*** Data listing

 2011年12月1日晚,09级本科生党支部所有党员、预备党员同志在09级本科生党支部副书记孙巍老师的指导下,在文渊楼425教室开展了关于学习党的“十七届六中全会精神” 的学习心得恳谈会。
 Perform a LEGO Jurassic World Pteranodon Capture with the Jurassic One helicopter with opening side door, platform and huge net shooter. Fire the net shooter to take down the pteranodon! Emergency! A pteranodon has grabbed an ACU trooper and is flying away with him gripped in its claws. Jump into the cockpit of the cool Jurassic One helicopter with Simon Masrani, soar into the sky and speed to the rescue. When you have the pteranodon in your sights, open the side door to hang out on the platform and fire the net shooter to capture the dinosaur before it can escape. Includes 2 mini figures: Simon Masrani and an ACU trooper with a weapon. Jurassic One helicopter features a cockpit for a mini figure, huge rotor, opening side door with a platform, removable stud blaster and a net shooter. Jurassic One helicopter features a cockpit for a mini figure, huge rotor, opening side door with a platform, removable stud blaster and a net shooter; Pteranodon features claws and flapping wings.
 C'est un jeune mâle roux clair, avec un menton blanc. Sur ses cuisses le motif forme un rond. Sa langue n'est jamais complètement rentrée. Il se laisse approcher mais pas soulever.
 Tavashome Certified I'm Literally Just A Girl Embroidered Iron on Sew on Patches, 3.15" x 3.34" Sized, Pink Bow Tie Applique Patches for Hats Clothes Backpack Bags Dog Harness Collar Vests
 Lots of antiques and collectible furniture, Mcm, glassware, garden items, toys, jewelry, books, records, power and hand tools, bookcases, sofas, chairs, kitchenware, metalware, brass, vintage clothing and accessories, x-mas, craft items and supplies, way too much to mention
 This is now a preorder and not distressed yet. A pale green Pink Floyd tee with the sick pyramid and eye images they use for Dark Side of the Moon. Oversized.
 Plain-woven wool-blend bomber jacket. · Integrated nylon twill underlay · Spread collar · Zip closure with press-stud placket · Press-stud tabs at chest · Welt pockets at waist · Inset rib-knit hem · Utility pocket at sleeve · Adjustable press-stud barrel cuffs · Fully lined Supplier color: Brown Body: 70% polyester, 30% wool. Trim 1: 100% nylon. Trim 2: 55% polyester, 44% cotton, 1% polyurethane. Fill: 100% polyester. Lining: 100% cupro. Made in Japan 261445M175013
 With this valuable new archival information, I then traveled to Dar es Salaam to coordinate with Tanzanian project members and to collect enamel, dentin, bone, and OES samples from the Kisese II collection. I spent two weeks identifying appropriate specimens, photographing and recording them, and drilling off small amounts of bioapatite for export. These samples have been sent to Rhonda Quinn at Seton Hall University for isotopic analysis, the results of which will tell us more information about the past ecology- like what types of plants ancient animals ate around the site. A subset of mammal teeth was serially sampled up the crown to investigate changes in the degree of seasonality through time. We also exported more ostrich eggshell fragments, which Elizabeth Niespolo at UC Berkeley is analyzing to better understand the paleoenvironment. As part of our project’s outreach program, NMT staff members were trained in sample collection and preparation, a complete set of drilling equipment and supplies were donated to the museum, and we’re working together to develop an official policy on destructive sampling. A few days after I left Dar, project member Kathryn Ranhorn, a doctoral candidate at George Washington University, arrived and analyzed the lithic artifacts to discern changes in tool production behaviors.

******

What this task involves: Please transcribe exactly the line containing "Lots of antiques" and every line after it through the end of the records, and nothing else.

Task answer:
 Lots of antiques and collectible furniture, Mcm, glassware, garden items, toys, jewelry, books, records, power and hand tools, bookcases, sofas, chairs, kitchenware, metalware, brass, vintage clothing and accessories, x-mas, craft items and supplies, way too much to mention
 This is now a preorder and not distressed yet. A pale green Pink Floyd tee with the sick pyramid and eye images they use for Dark Side of the Moon. Oversized.
 Plain-woven wool-blend bomber jacket. · Integrated nylon twill underlay · Spread collar · Zip closure with press-stud placket · Press-stud tabs at chest · Welt pockets at waist · Inset rib-knit hem · Utility pocket at sleeve · Adjustable press-stud barrel cuffs · Fully lined Supplier color: Brown Body: 70% polyester, 30% wool. Trim 1: 100% nylon. Trim 2: 55% polyester, 44% cotton, 1% polyurethane. Fill: 100% polyester. Lining: 100% cupro. Made in Japan 261445M175013
 With this valuable new archival information, I then traveled to Dar es Salaam to coordinate with Tanzanian project members and to collect enamel, dentin, bone, and OES samples from the Kisese II collection. I spent two weeks identifying appropriate specimens, photographing and recording them, and drilling off small amounts of bioapatite for export. These samples have been sent to Rhonda Quinn at Seton Hall University for isotopic analysis, the results of which will tell us more information about the past ecology- like what types of plants ancient animals ate around the site. A subset of mammal teeth was serially sampled up the crown to investigate changes in the degree of seasonality through time. We also exported more ostrich eggshell fragments, which Elizabeth Niespolo at UC Berkeley is analyzing to better understand the paleoenvironment. As part of our project’s outreach program, NMT staff members were trained in sample collection and preparation, a complete set of drilling equipment and supplies were donated to the museum, and we’re working together to develop an official policy on destructive sampling. A few days after I left Dar, project member Kathryn Ranhorn, a doctoral candidate at George Washington University, arrived and analyzed the lithic artifacts to discern changes in tool production behaviors.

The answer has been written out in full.